Records excerpted from a collection:
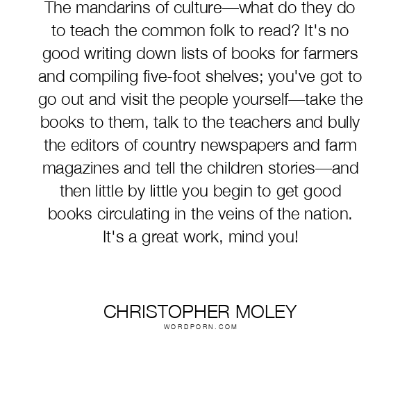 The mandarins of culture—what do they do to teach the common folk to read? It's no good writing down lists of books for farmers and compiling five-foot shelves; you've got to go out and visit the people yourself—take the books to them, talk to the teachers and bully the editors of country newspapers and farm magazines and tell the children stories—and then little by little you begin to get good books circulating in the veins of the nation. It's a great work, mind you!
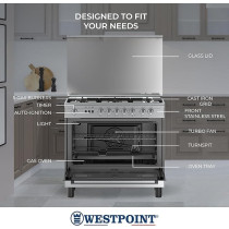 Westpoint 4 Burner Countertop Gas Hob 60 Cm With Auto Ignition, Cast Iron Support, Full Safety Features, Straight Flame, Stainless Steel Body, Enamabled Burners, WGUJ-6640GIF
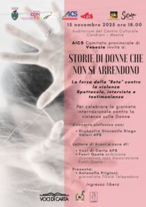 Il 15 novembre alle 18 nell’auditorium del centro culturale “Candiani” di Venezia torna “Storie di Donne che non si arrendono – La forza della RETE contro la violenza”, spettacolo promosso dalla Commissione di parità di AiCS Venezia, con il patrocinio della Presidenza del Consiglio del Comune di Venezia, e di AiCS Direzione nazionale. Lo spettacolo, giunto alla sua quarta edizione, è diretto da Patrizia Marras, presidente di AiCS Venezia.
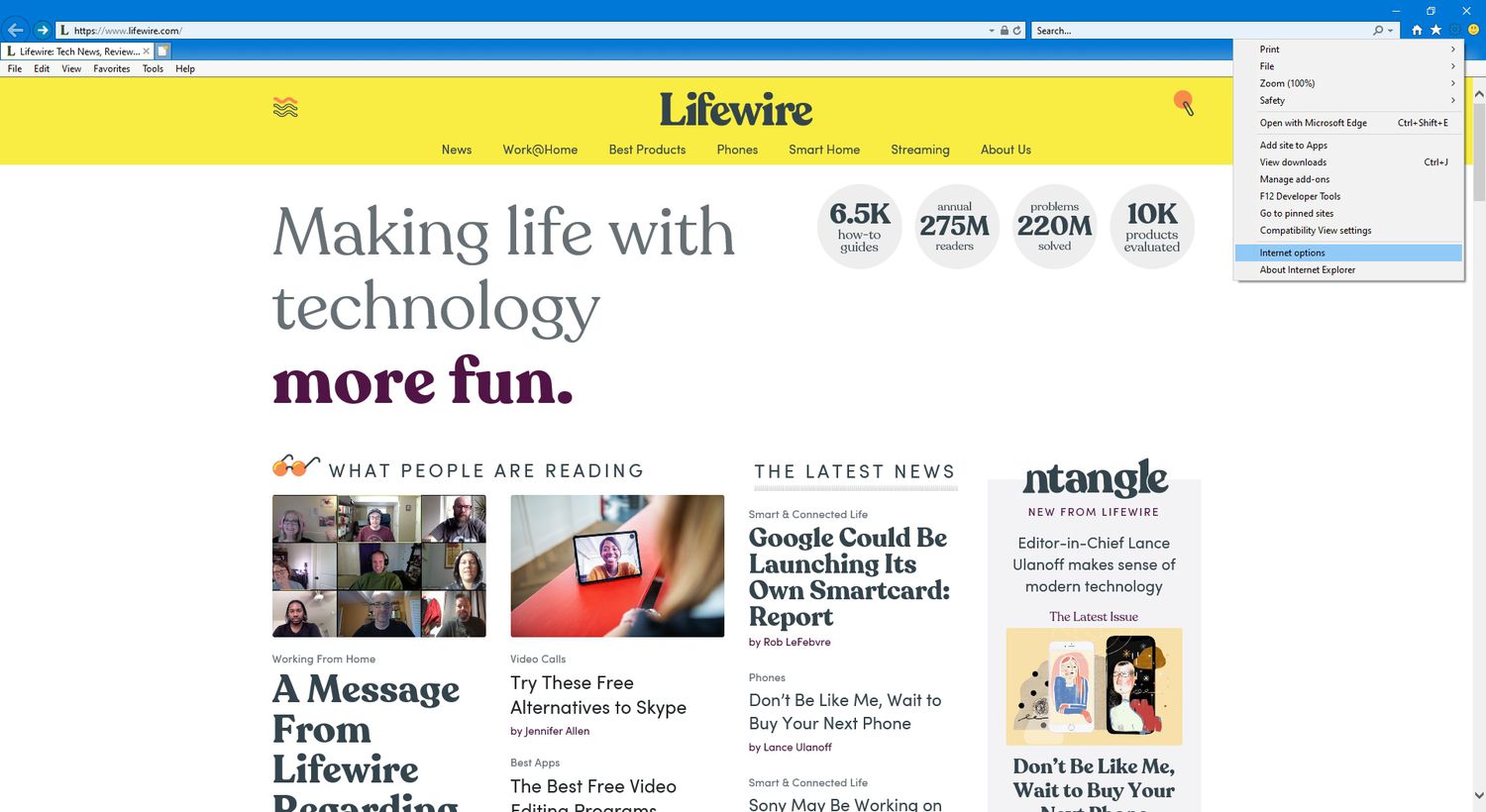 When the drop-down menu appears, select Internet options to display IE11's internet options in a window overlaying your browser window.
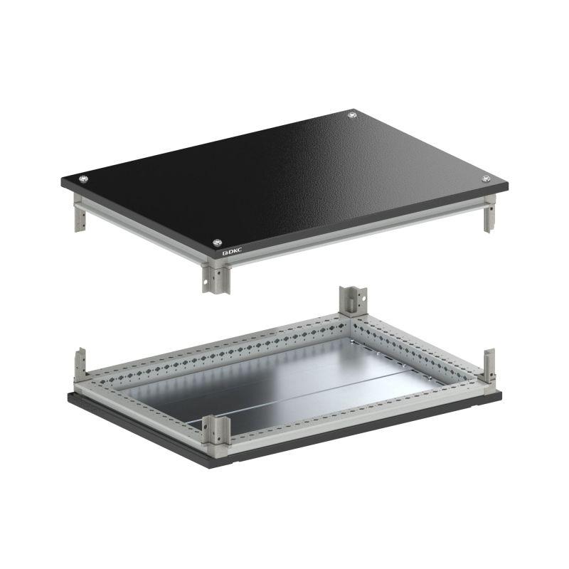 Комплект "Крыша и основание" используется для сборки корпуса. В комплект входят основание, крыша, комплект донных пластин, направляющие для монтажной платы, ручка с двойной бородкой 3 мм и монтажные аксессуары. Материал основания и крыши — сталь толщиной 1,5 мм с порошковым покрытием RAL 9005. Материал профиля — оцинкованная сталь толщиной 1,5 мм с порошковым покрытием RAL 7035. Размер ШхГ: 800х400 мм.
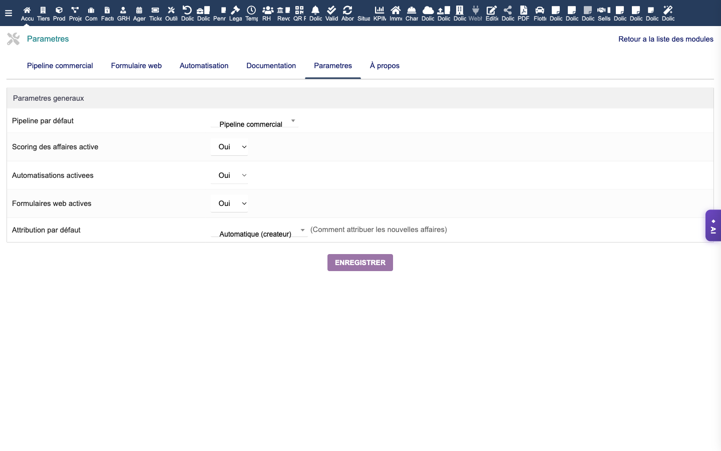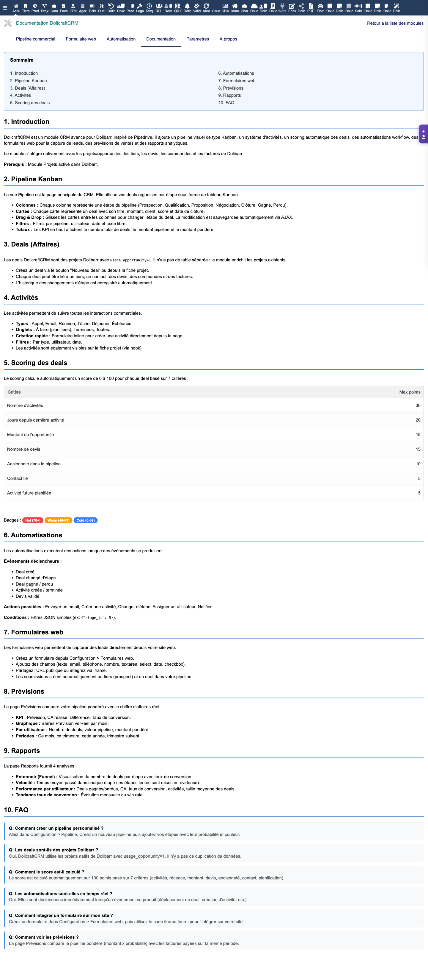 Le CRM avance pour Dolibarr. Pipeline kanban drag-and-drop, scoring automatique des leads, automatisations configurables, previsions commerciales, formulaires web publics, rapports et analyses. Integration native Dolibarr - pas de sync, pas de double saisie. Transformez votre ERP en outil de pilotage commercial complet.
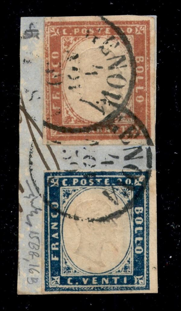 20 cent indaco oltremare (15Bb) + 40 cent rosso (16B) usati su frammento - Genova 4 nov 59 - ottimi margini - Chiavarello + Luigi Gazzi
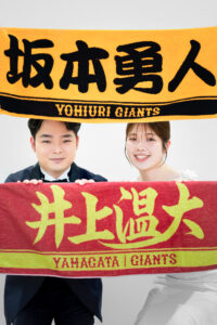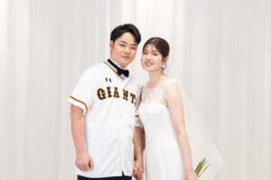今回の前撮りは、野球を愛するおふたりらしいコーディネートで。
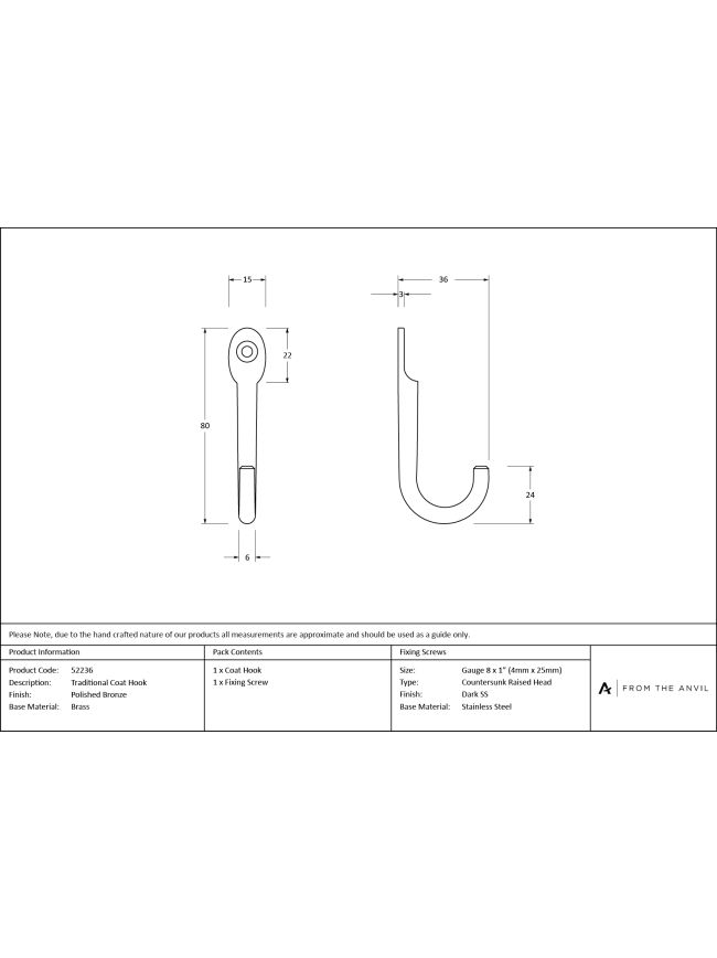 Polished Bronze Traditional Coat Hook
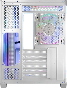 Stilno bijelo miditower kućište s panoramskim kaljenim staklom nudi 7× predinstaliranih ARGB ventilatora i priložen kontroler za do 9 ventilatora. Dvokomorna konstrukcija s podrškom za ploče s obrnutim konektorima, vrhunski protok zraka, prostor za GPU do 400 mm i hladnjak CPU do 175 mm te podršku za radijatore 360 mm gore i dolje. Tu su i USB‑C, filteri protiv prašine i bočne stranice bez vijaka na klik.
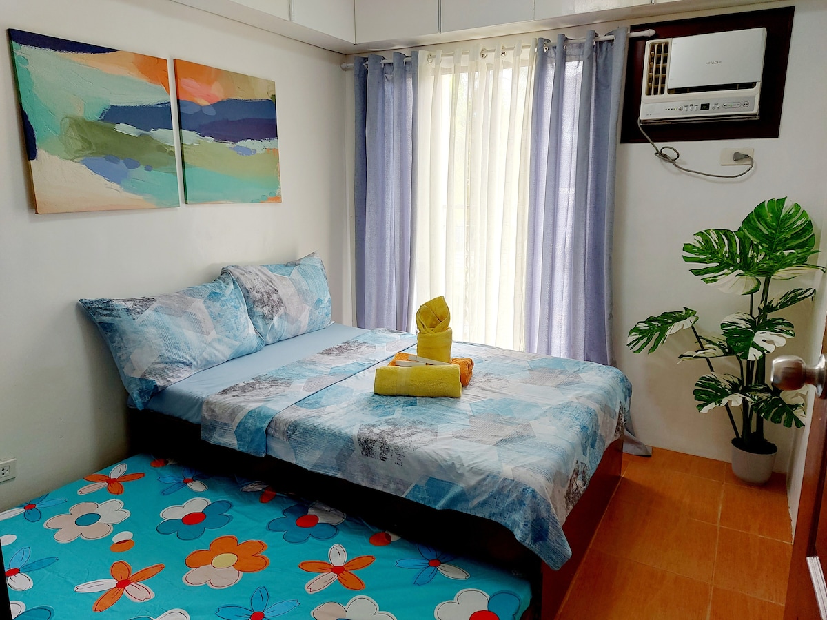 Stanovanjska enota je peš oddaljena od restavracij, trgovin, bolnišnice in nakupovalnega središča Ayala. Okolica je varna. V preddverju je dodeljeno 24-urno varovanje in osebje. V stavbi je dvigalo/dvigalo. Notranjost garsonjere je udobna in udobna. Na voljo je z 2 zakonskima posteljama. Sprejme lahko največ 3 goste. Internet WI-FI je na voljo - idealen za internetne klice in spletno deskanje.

WHAT IS EXPECTED →
Could you repeat, exactly and with nothing added, the lines from the top of the entries above through the line that holds "Westpoint 4 Burner", leaving out any pictures?

REPLY TO THE EXERCISE →
 The mandarins of culture—what do they do to teach the common folk to read? It's no good writing down lists of books for farmers and compiling five-foot shelves; you've got to go out and visit the people yourself—take the books to them, talk to the teachers and bully the editors of country newspapers and farm magazines and tell the children stories—and then little by little you begin to get good books circulating in the veins of the nation. It's a great work, mind you!
 Westpoint 4 Burner Countertop Gas Hob 60 Cm With Auto Ignition, Cast Iron Support, Full Safety Features, Straight Flame, Stainless Steel Body, Enamabled Burners, WGUJ-6640GIF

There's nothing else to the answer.